→ **PROBLEM REQUIREMENTS**: Skip the pictures, please, and write out exactly every line from the one containing "Look stylish and" through the end of the listing below.
======== RECORDED DATA ========
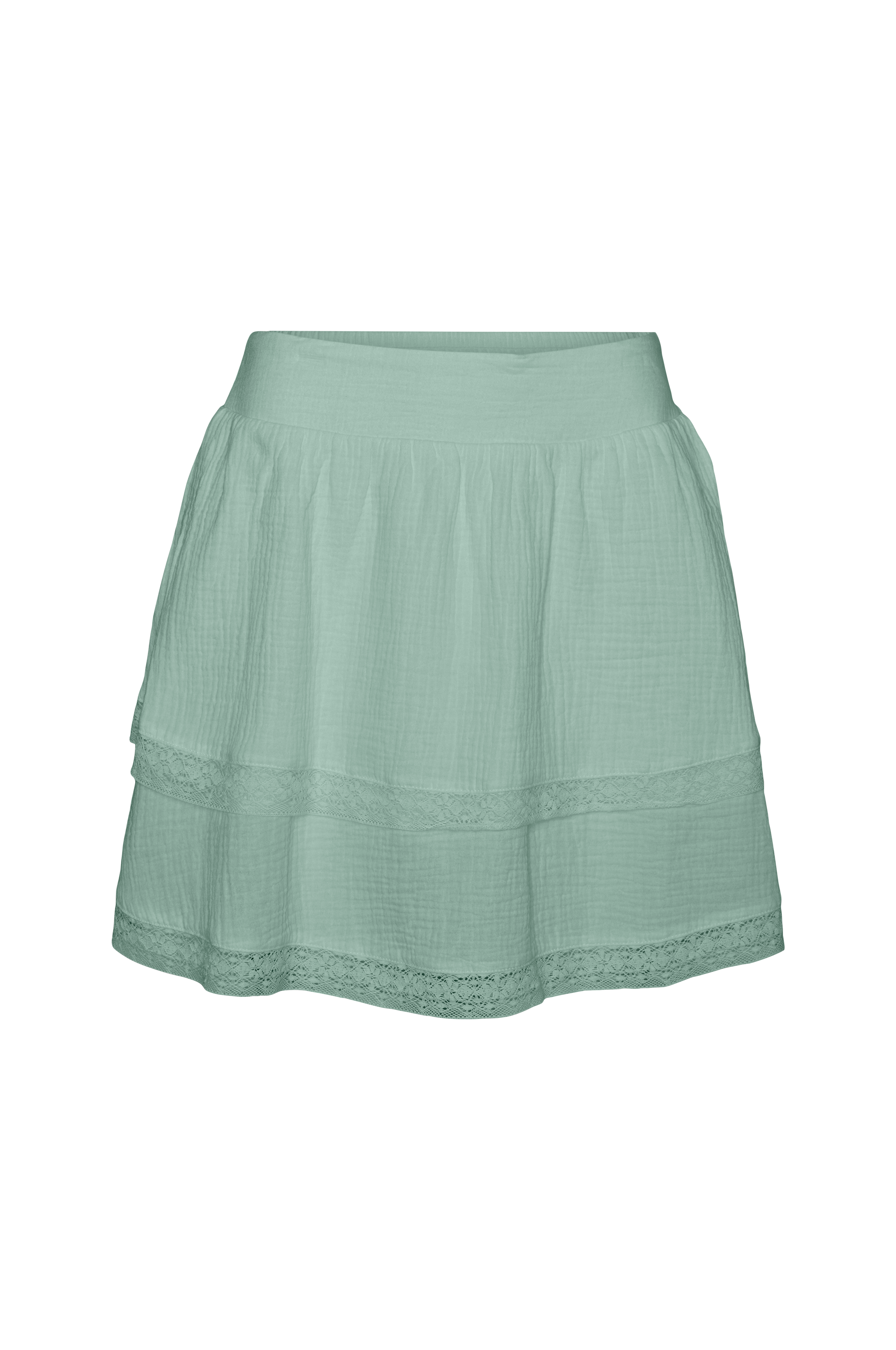 • Kort nederdel i musselin med blondedetaljer• Elastisk talje• Længde: 41 cm i størrelse S
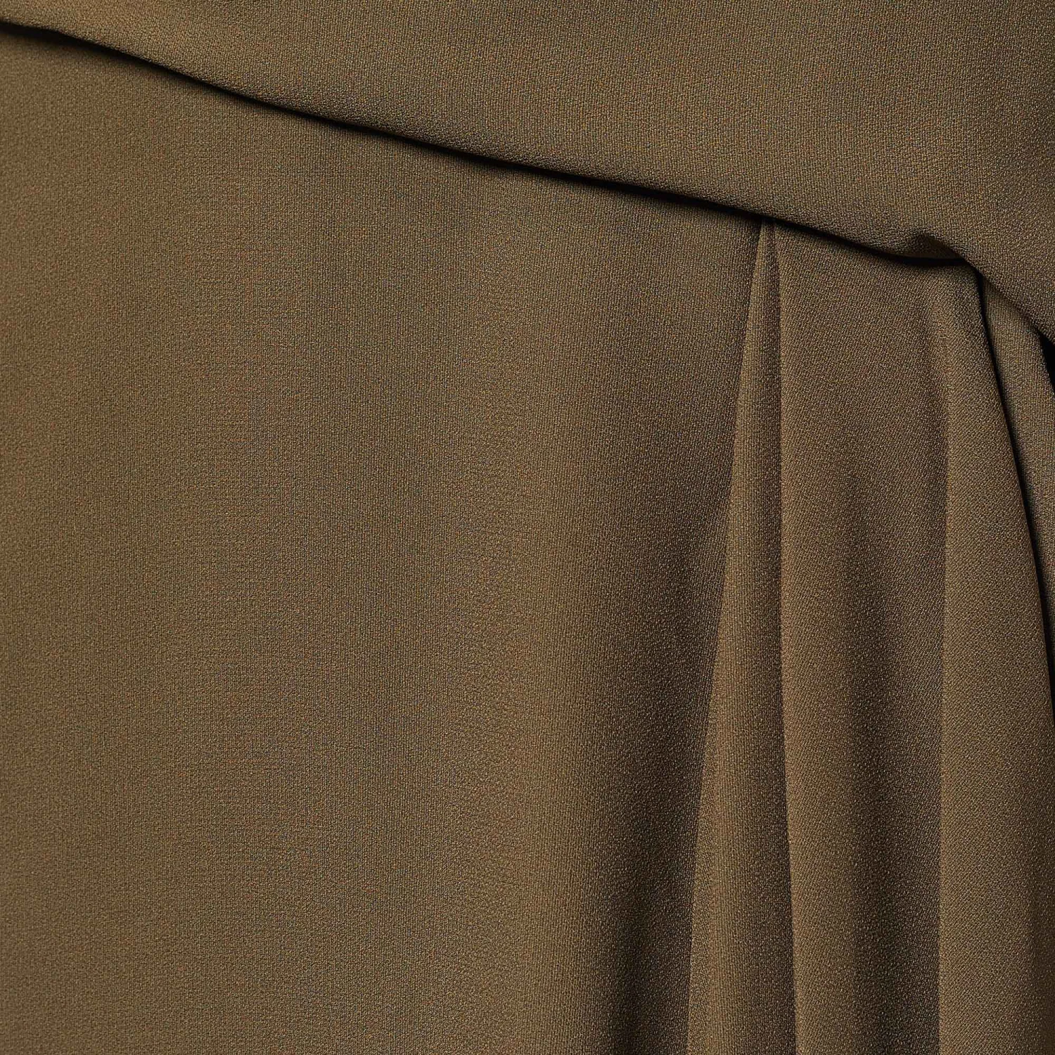 Look stylish and classy as you don this skirt from the House of Versace. It is fashioned in moss-green crepe fabric into a knee-length silhouette. It flaunts draped formations and comes with a zipper for fastening. Wear this Versace skirt with lacy blouses or shirts to achieve a chic style.
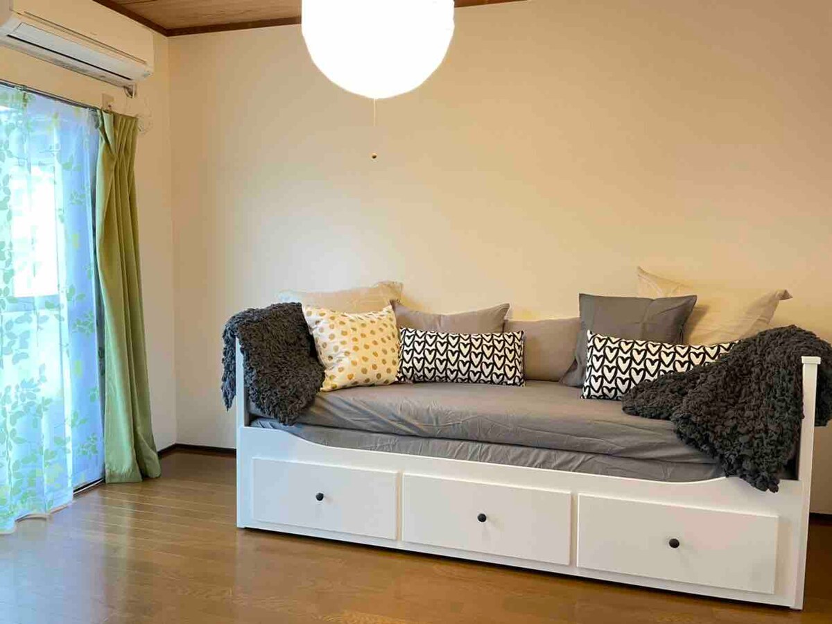 こちらのお部屋は、アパートの二階にある、1室2LDKのお部屋です。建物は築30年経ってます。 お風呂、トイレは別々になります。トイレはタンク式で、連続して水を流す事は出来ません。水がタンクに溜まりましたら、流す事が出来ます。 ベットは、シモンズ製のベットとソファベッド、お布団が3組ございます。基本的な寝具のセットは、ベッドを優先してセッティングをします。ご要望が有る場合には、事前にメッセージをください。 キッチンはお料理出来るようにお鍋やフライパンなども準備しています。 バスタオル、タオル、シャンプー、リンス、洗濯洗剤などのアメニティもございます。歯ブラシは環境保護の為に、置いてません。ご持参ください。
========
→ **SOLUTION**:
 Look stylish and classy as you don this skirt from the House of Versace. It is fashioned in moss-green crepe fabric into a knee-length silhouette. It flaunts draped formations and comes with a zipper for fastening. Wear this Versace skirt with lacy blouses or shirts to achieve a chic style.
 こちらのお部屋は、アパートの二階にある、1室2LDKのお部屋です。建物は築30年経ってます。 お風呂、トイレは別々になります。トイレはタンク式で、連続して水を流す事は出来ません。水がタンクに溜まりましたら、流す事が出来ます。 ベットは、シモンズ製のベットとソファベッド、お布団が3組ございます。基本的な寝具のセットは、ベッドを優先してセッティングをします。ご要望が有る場合には、事前にメッセージをください。 キッチンはお料理出来るようにお鍋やフライパンなども準備しています。 バスタオル、タオル、シャンプー、リンス、洗濯洗剤などのアメニティもございます。歯ブラシは環境保護の為に、置いてません。ご持参ください。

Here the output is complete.